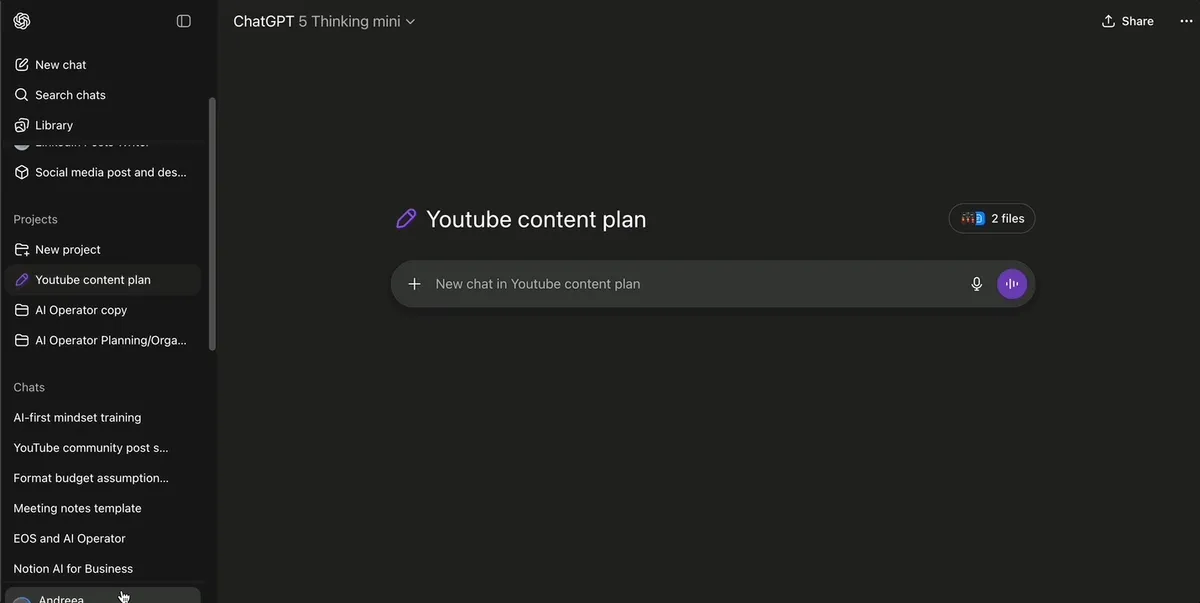 - Create separate chat threads within projects for different topics or workflows
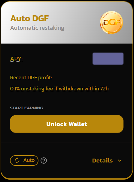 Stake your DGF and forget about it! The DGF you stake in this Pools will be automatically compounded (reinvested) for you, minus a small fee.
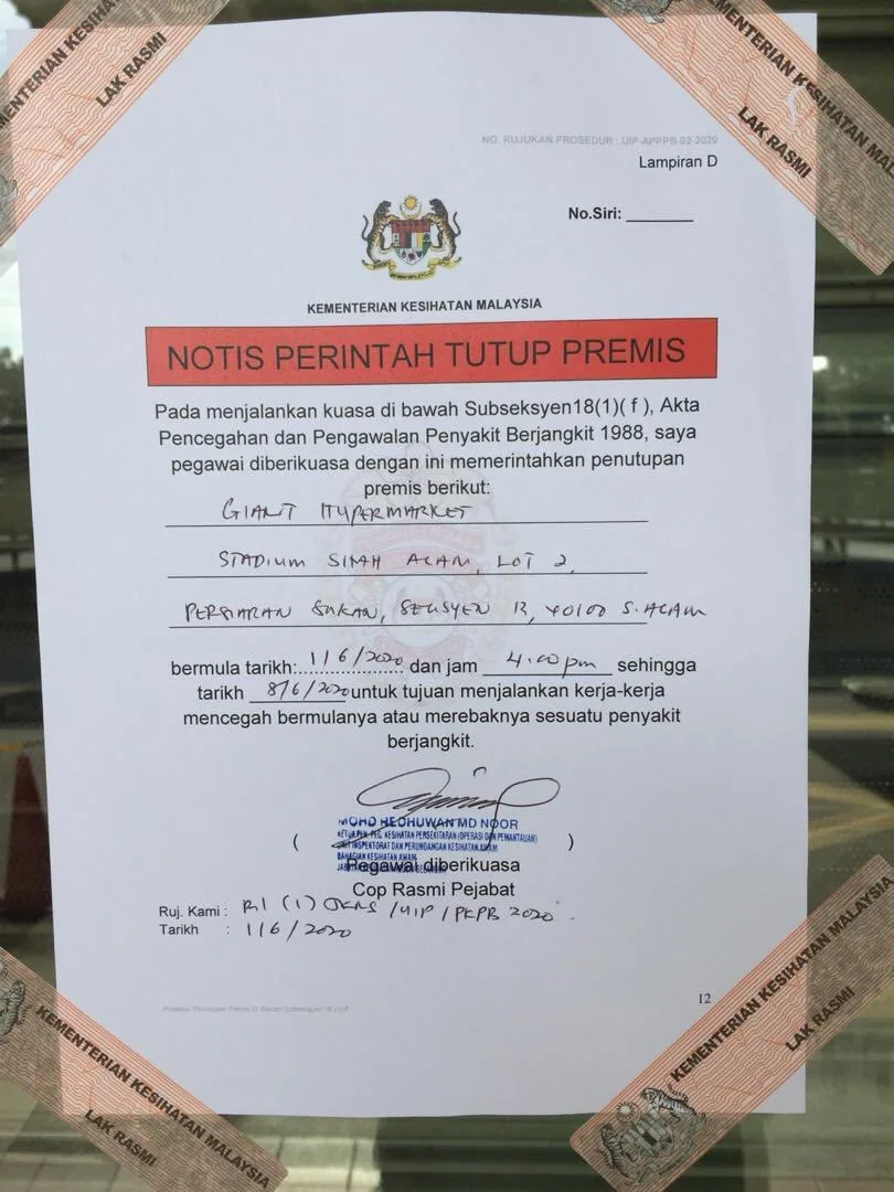 Among the SOP issued include practicing social distancing, limiting the amount of people in the premise at one go, and taking visitors’ body temperature. The notice (pictured above) stated the closure of Giant hypermarket is in accordance to Subsection 18(1) (f) of the Prevention and Control of Infectious Diseases Act 1988.
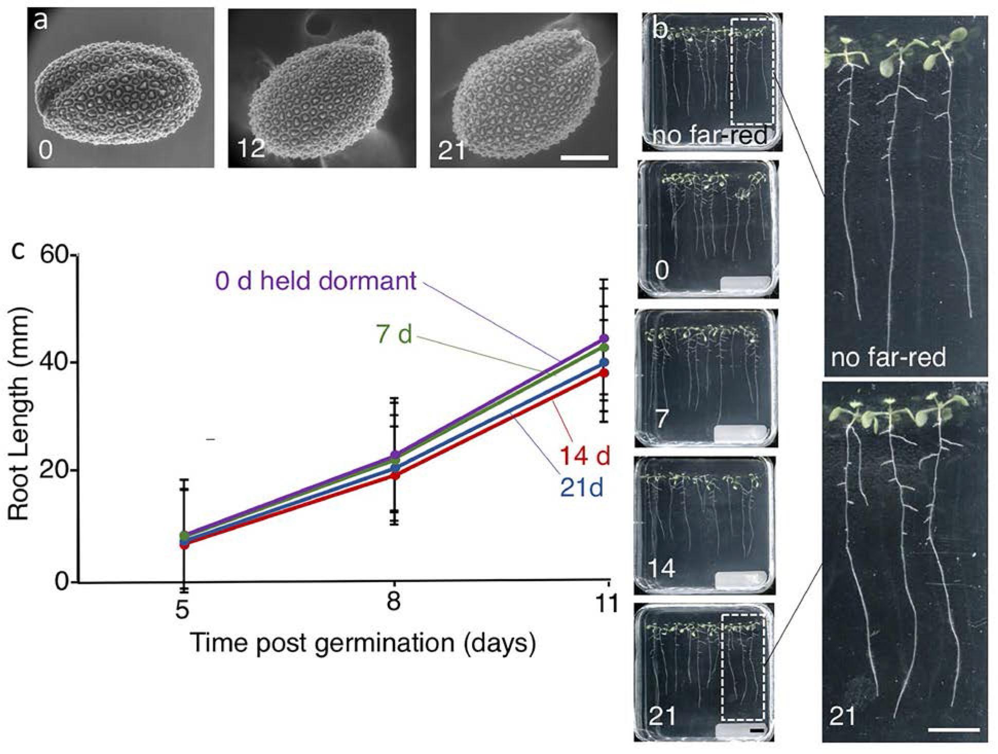 To ensure that such far-red irradiation imposed dormancy did not alter subsequent growth and development of seedlings once the seeds were triggered to germinate, we next imposed dormancy with far-red light. Seeds were kept dormant in the dark for various periods and then seed morphology and subsequent seedling growth were assessed. Figure 5a shows that at the resolution of the scanning electron microscope, there was no obvious change in seed morphology or evidence of germination over the period of far-red-induced dormancy and storage in the dark. Similarly, when growth was followed after induction of germination, seedling morphology (Figure 5b) and growth rates (Figure 5c) were similar between samples irrespective of the time they were held dormant before induction of germination. These results indicate that far-red irradiation with subsequent storage at room temperature in the dark (foil wrapped plates) is an effective way to delay germination compatible with flight timelines and potential flight-related delays.

──────

> **Work instructions**
Your answer must be the full listing, copied exactly, with no pictures in it.

> **Response box**
 - Create separate chat threads within projects for different topics or workflows
 Stake your DGF and forget about it! The DGF you stake in this Pools will be automatically compounded (reinvested) for you, minus a small fee.
 Among the SOP issued include practicing social distancing, limiting the amount of people in the premise at one go, and taking visitors’ body temperature. The notice (pictured above) stated the closure of Giant hypermarket is in accordance to Subsection 18(1) (f) of the Prevention and Control of Infectious Diseases Act 1988.
 To ensure that such far-red irradiation imposed dormancy did not alter subsequent growth and development of seedlings once the seeds were triggered to germinate, we next imposed dormancy with far-red light. Seeds were kept dormant in the dark for various periods and then seed morphology and subsequent seedling growth were assessed. Figure 5a shows that at the resolution of the scanning electron microscope, there was no obvious change in seed morphology or evidence of germination over the period of far-red-induced dormancy and storage in the dark. Similarly, when growth was followed after induction of germination, seedling morphology (Figure 5b) and growth rates (Figure 5c) were similar between samples irrespective of the time they were held dormant before induction of germination. These results indicate that far-red irradiation with subsequent storage at room temperature in the dark (foil wrapped plates) is an effective way to delay germination compatible with flight timelines and potential flight-related delays.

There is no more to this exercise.